◆ **ABOUT THIS TASK**: Take the line with "Miumiu distressed patchwork" as the first and the last line of the data as the end. Write out both and every line between exactly, except pictures.

** DATA FOR REVIEW follows **

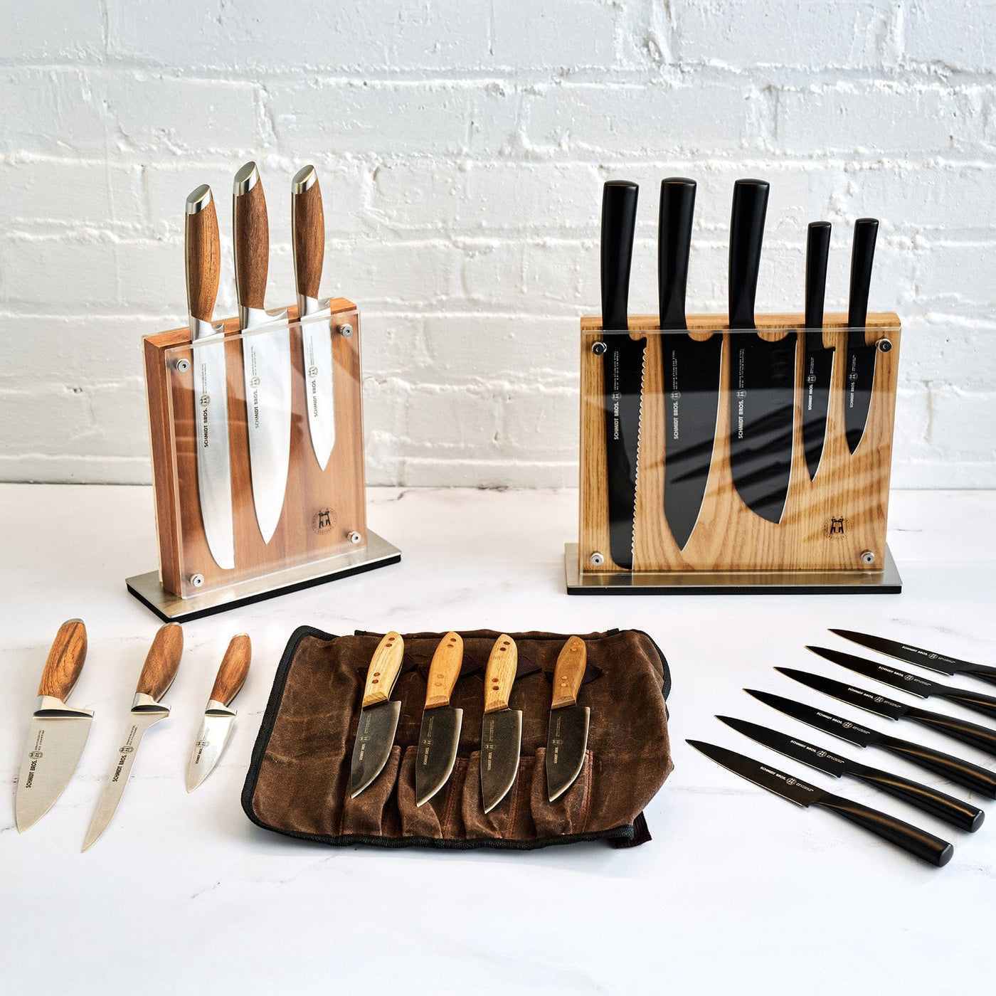 Premium knives don't need to come with premium attitude. With pure 100% German Stainless Steel, FSC certified woods, and universal storage blocks that will change your counter forever, no details are overlooked in our production.
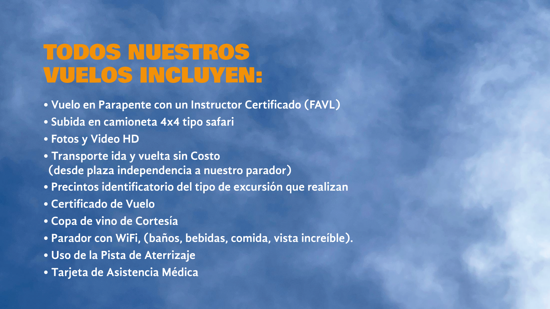 (en caso que la condición no sea favorable para llegar al vuelo extendido, se cobrará Vuelo Biplaza con Instructor $140.000 o u$s 100)
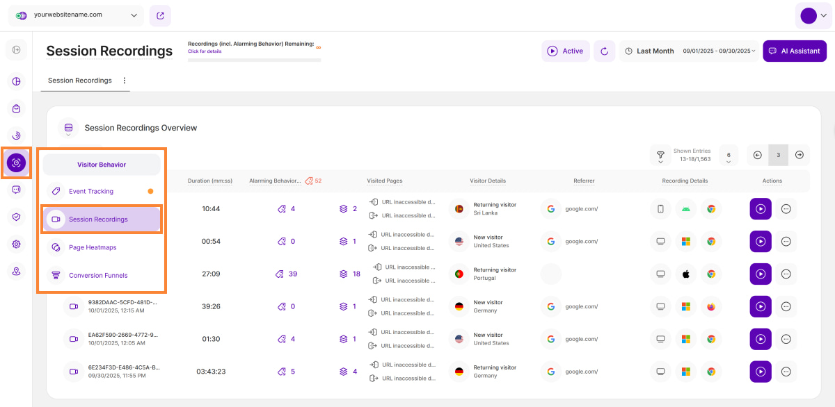 The Session Recordings Overview provides a comprehensive view of your visitors' session recordings, offering valuable insights into how they interact with your website. Each row in the table represents a visitor's session recording, encapsulating their interactions and details.
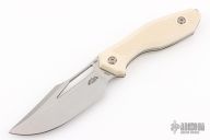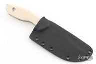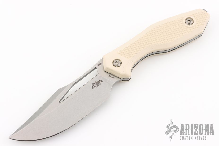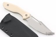 Handle scales are machined from white paper micarta. They are secured to the full tang with torx screws made by TiConnector. The scales can be removed for easy cleaning and maintenance. The tang extends past the scales to create a glass breaker that doubles as a lanyard hole. The handle is exceptionally comfortable when choking up on the blade using the choil or held further back for more leverage.
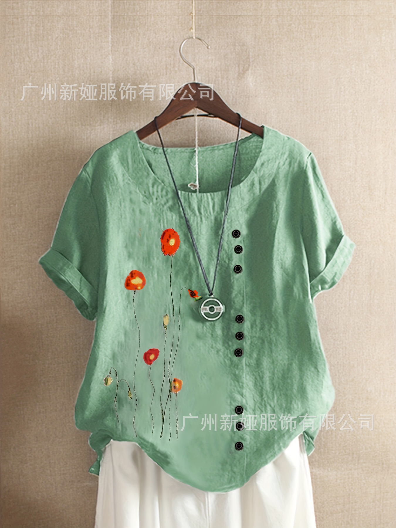 Retro musim panas 2021 pakaian wanita pullover, Kaus katun dan linen kasual longgar lengan pendek bermotif, ukuran besar
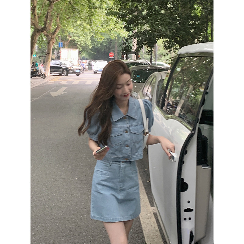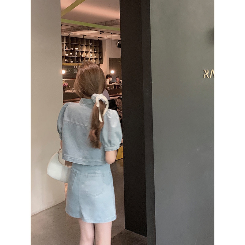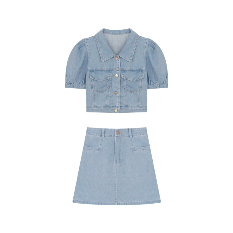 cchen Chen Chen_Retro denim suit women 2022 summer new age-reducing jacket half-length skirt two-piece set
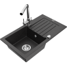 Mexen Pablo granite sink 1-bowl with drainer and Duero kitchen tap, black - 6510-77-671600-00
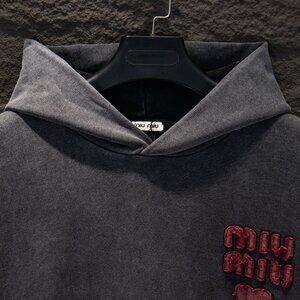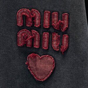 Miumiu distressed patchwork embroidery hooded sweatshirt
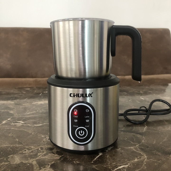 - Máy tạo bọt sữa chuyên nghiệp dùng cho quán 4 trong 1 Chulux JMF-988S là sản phẩm cao cấp chuyên dùng cho quán cà phê, dùng để đánh sữa tạo bọt và pha các loại thức uống nóng lạnh. Máy sở hữu dung tích lớn, tốc độ mạnh, không phát ra tiếng ồn, dung tích lớn, thiết kế sang trọng. Tính năng tạo bọt sữa

** End of DATA FOR REVIEW **

◆ **RESULT OF THIS TASK**:
 Miumiu distressed patchwork embroidery hooded sweatshirt
 - Máy tạo bọt sữa chuyên nghiệp dùng cho quán 4 trong 1 Chulux JMF-988S là sản phẩm cao cấp chuyên dùng cho quán cà phê, dùng để đánh sữa tạo bọt và pha các loại thức uống nóng lạnh. Máy sở hữu dung tích lớn, tốc độ mạnh, không phát ra tiếng ồn, dung tích lớn, thiết kế sang trọng. Tính năng tạo bọt sữa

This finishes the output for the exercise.